REQUIRED ACTION: With pictures excluded, give again exactly the lines running from the one holding "随着我国云计算市场不断发展,竞争日益激烈" through the end of the listing below.

INFORMATION SHOWN:
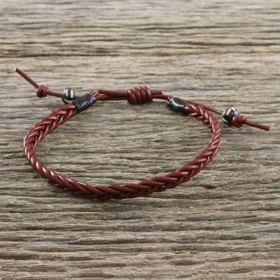 Men's Cow Bone Bead Mahogany Braided Leather Bracelet 'Rustic Simplicity' Item ID: 2671801011
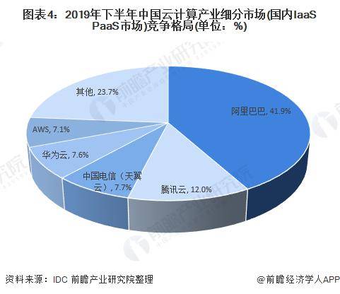 随着我国云计算市场不断发展,竞争日益激烈。国内市场竞争格局方面,根据IDC发布的《中国公有云服务市场半年度跟踪报告》,2019年下半年延续了上半年的市场集中化趋势。阿里、腾讯、中国电信、华为、AWS位居IaaS+PaaS及IaaS市场前五,在IaaS+PaaS市场总体占据76.3%的市场份额,其中阿里以其强大的客户、生态和运营能力,持续助力互联网行业业务系统上云,不断深耕零售、政府和金融三大行业云化转型,在云计算细分市场(IaaS+PaaS市场)上竞争优势明显,占比达到41.9%,持续拉大领先优势,呈现出“一超多强”的格局。
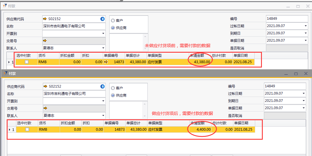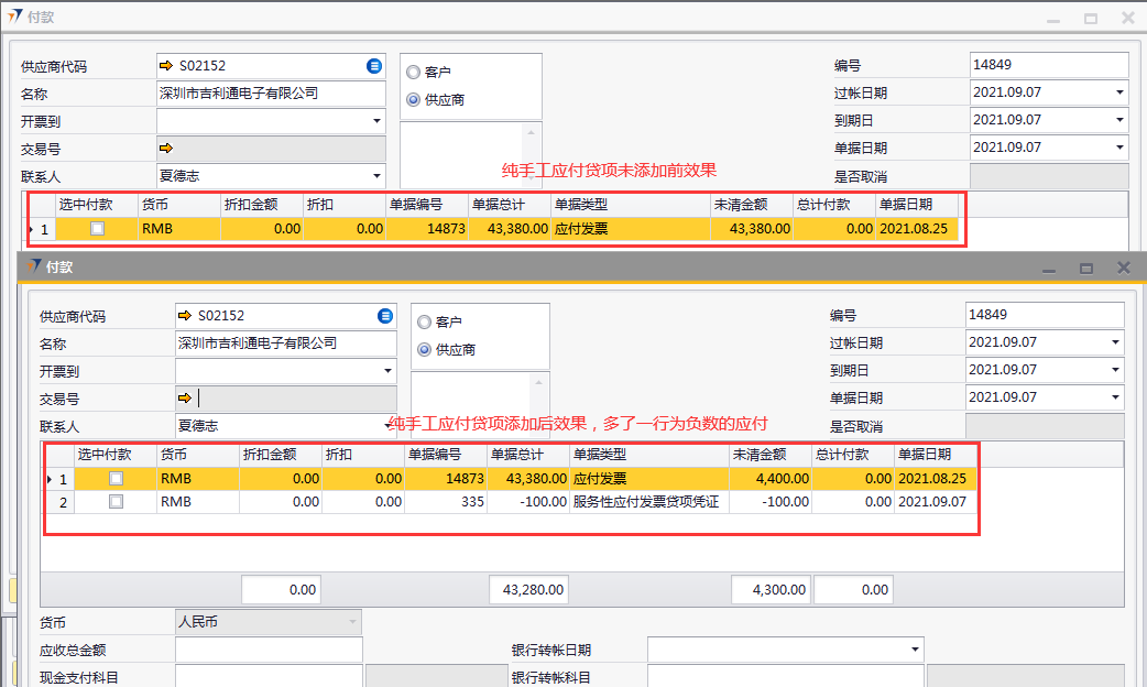 # 1 目的与作用 为了指导和规范采购人员应付贷项操作,提升效率,规范管理 # 2 界面介绍 路径:采购应付管理 → 应付贷项凭证  # 3 操作说明 应付贷项凭证操作有两种: 1. 应付发票复制到应付贷项凭证:此方法会扣库存,并会**自动扣除**该应付发票的应付金额 2. 纯手工录入应付贷项凭证:此方法会扣除库存,因为没有关联应付发票,所以**只会**在付款里体现应付金额的变化 ## 3.1 应付发票复制到应付贷项凭证 1. 打开要做应付贷项的应付发票,点**复制到**应付贷项凭证  2. 应付发票相关信息会带到应付发票,如果不是整单要提应付贷项,修改数量,检查总计等下关数据,确认无误后,点“添加”提交  3. 从应付发票复制过来的应付贷项添加后,库存会减少,因为没有关联应付发票,所以**只会**在付款里体现应付金额的变化。如下只截图应付贷项添加后的应付金额差异效果  ## 3.2 纯手工录入应付贷项凭证 1. 打开应付贷项凭证,录入供应商代码,录入物料代码、单价、税码、仓库,检查总计,相关信息录入完整无误后,点添加提交  2. 纯手工录入的应付贷项添加后,库存会减少,也会自动扣除应付发票的应付金额。如下只截图应付贷项添加后的应付金额差异效果  # 4 注意事项 无

OUTPUT OF THE TASK:
 随着我国云计算市场不断发展,竞争日益激烈。国内市场竞争格局方面,根据IDC发布的《中国公有云服务市场半年度跟踪报告》,2019年下半年延续了上半年的市场集中化趋势。阿里、腾讯、中国电信、华为、AWS位居IaaS+PaaS及IaaS市场前五,在IaaS+PaaS市场总体占据76.3%的市场份额,其中阿里以其强大的客户、生态和运营能力,持续助力互联网行业业务系统上云,不断深耕零售、政府和金融三大行业云化转型,在云计算细分市场(IaaS+PaaS市场)上竞争优势明显,占比达到41.9%,持续拉大领先优势,呈现出“一超多强”的格局。
 # 1 目的与作用 为了指导和规范采购人员应付贷项操作,提升效率,规范管理 # 2 界面介绍 路径:采购应付管理 → 应付贷项凭证  # 3 操作说明 应付贷项凭证操作有两种: 1. 应付发票复制到应付贷项凭证:此方法会扣库存,并会**自动扣除**该应付发票的应付金额 2. 纯手工录入应付贷项凭证:此方法会扣除库存,因为没有关联应付发票,所以**只会**在付款里体现应付金额的变化 ## 3.1 应付发票复制到应付贷项凭证 1. 打开要做应付贷项的应付发票,点**复制到**应付贷项凭证  2. 应付发票相关信息会带到应付发票,如果不是整单要提应付贷项,修改数量,检查总计等下关数据,确认无误后,点“添加”提交  3. 从应付发票复制过来的应付贷项添加后,库存会减少,因为没有关联应付发票,所以**只会**在付款里体现应付金额的变化。如下只截图应付贷项添加后的应付金额差异效果  ## 3.2 纯手工录入应付贷项凭证 1. 打开应付贷项凭证,录入供应商代码,录入物料代码、单价、税码、仓库,检查总计,相关信息录入完整无误后,点添加提交  2. 纯手工录入的应付贷项添加后,库存会减少,也会自动扣除应付发票的应付金额。如下只截图应付贷项添加后的应付金额差异效果  # 4 注意事项 无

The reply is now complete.